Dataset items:
Segment Open
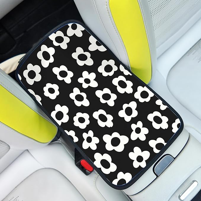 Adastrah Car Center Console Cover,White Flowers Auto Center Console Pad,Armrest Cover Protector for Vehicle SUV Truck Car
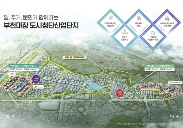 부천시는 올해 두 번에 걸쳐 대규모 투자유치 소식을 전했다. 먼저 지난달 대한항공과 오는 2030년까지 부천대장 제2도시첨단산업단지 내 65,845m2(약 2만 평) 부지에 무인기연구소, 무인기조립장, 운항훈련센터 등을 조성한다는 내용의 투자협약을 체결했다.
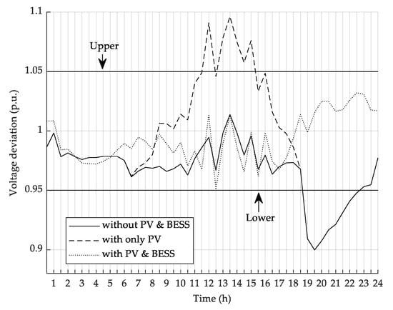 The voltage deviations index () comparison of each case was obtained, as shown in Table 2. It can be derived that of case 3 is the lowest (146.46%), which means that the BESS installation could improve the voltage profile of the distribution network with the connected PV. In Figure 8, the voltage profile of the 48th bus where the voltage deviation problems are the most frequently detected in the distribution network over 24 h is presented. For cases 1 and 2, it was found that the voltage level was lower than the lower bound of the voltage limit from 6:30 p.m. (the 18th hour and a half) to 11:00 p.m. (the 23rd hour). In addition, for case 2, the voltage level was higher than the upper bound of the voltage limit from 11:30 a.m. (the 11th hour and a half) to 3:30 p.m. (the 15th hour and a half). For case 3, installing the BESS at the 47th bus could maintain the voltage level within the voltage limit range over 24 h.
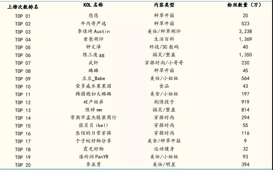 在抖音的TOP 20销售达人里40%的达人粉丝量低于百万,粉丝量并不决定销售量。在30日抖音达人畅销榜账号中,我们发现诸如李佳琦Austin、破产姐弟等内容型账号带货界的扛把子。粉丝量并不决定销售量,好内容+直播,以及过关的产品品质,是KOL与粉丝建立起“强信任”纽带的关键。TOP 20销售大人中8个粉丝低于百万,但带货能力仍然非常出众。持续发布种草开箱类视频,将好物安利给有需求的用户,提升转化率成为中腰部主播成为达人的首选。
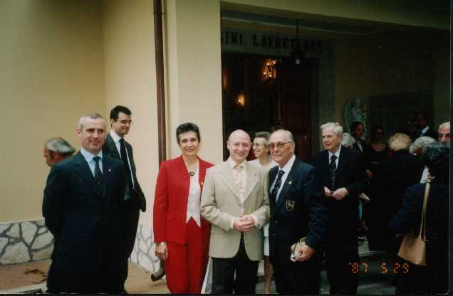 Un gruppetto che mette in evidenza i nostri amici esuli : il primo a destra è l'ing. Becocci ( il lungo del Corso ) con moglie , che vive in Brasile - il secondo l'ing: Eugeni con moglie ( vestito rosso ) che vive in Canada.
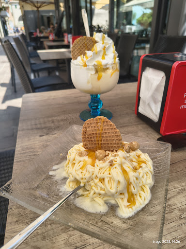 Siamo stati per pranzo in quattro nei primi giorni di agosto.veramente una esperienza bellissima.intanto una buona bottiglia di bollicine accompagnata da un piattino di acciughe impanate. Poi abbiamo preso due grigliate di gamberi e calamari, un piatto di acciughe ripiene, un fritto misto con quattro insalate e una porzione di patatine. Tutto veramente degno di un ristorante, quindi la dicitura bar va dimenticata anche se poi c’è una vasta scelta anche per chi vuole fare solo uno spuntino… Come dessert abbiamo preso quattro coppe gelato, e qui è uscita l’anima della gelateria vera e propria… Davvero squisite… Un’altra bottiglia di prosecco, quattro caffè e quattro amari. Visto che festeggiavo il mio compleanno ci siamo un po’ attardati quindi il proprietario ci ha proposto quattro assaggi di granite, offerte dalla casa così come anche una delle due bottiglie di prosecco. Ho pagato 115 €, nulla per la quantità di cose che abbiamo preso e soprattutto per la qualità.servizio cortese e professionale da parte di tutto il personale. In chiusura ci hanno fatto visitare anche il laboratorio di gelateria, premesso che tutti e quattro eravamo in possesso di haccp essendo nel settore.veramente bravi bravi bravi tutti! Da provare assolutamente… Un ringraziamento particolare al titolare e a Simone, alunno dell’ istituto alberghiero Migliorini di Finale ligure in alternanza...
Segment Closed
TASK DETAILS |
Provide the lines again, unchanged, from where the data above begins through the line containing "Un gruppetto che", both ends included, omitting pictures and adding nothing.

EXERCISE OUTPUT |
 Adastrah Car Center Console Cover,White Flowers Auto Center Console Pad,Armrest Cover Protector for Vehicle SUV Truck Car
 부천시는 올해 두 번에 걸쳐 대규모 투자유치 소식을 전했다. 먼저 지난달 대한항공과 오는 2030년까지 부천대장 제2도시첨단산업단지 내 65,845m2(약 2만 평) 부지에 무인기연구소, 무인기조립장, 운항훈련센터 등을 조성한다는 내용의 투자협약을 체결했다.
 The voltage deviations index () comparison of each case was obtained, as shown in Table 2. It can be derived that of case 3 is the lowest (146.46%), which means that the BESS installation could improve the voltage profile of the distribution network with the connected PV. In Figure 8, the voltage profile of the 48th bus where the voltage deviation problems are the most frequently detected in the distribution network over 24 h is presented. For cases 1 and 2, it was found that the voltage level was lower than the lower bound of the voltage limit from 6:30 p.m. (the 18th hour and a half) to 11:00 p.m. (the 23rd hour). In addition, for case 2, the voltage level was higher than the upper bound of the voltage limit from 11:30 a.m. (the 11th hour and a half) to 3:30 p.m. (the 15th hour and a half). For case 3, installing the BESS at the 47th bus could maintain the voltage level within the voltage limit range over 24 h.
 在抖音的TOP 20销售达人里40%的达人粉丝量低于百万,粉丝量并不决定销售量。在30日抖音达人畅销榜账号中,我们发现诸如李佳琦Austin、破产姐弟等内容型账号带货界的扛把子。粉丝量并不决定销售量,好内容+直播,以及过关的产品品质,是KOL与粉丝建立起“强信任”纽带的关键。TOP 20销售大人中8个粉丝低于百万,但带货能力仍然非常出众。持续发布种草开箱类视频,将好物安利给有需求的用户,提升转化率成为中腰部主播成为达人的首选。
 Un gruppetto che mette in evidenza i nostri amici esuli : il primo a destra è l'ing. Becocci ( il lungo del Corso ) con moglie , che vive in Brasile - il secondo l'ing: Eugeni con moglie ( vestito rosso ) che vive in Canada.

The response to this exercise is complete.